# How catalog.json Is Generated and Used in AI Engineering from Scratch

> Discover how catalog.json is generated and used in AI Engineering from Scratch. Ensure your AI curriculum stays in sync with this essential manifest.

- Repository: [Rohit Ghumare/ai-engineering-from-scratch](https://github.com/rohitg00/ai-engineering-from-scratch)
- Tags: internals
- Published: 2026-06-07

---

**[`catalog.json`](https://github.com/rohitg00/ai-engineering-from-scratch/blob/main/catalog.json) is the canonical curriculum manifest generated by [`scripts/build_catalog.py`](https://github.com/rohitg00/ai-engineering-from-scratch/blob/main/scripts/build_catalog.py) and consumed by both the README validator and the static site builder to keep every lesson, skill, and code artifact in sync across the repository.**

The `ai-engineering-from-scratch` curriculum by Rohit Ghumare relies on a single machine-readable manifest called [`catalog.json`](https://github.com/rohitg00/ai-engineering-from-scratch/blob/main/catalog.json), according to the rohitg00/ai-engineering-from-scratch source code.
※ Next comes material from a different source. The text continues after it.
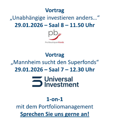Die auf dieser Website veröffentlichten Inhalte dienen ausschließlich der allgemeinen Information. Sie stellen keine Anlageberatung, keine steuerliche oder rechtliche Beratung sowie keine Empfehlung, kein Angebot und keine Aufforderung zur Abgabe eines Angebots zum Erwerb oder Verkauf von Finanzinstrumenten oder Fondsanteilen dar.

This JSON file serves as the single source of truth for all phases, lessons, skills, and code artifacts. Understanding how this file is generated and where it is consumed is essential for anyone contributing to or extending the curriculum.

## How catalog.json Is Generated

The entire manifest is created by a pure-stdlib Python script located at [`scripts/build_catalog.py`](https://github.com/rohitg00/ai-engineering-from-scratch/blob/main/scripts/build_catalog.py). Because it uses only the Python standard library, the script runs without any external dependencies.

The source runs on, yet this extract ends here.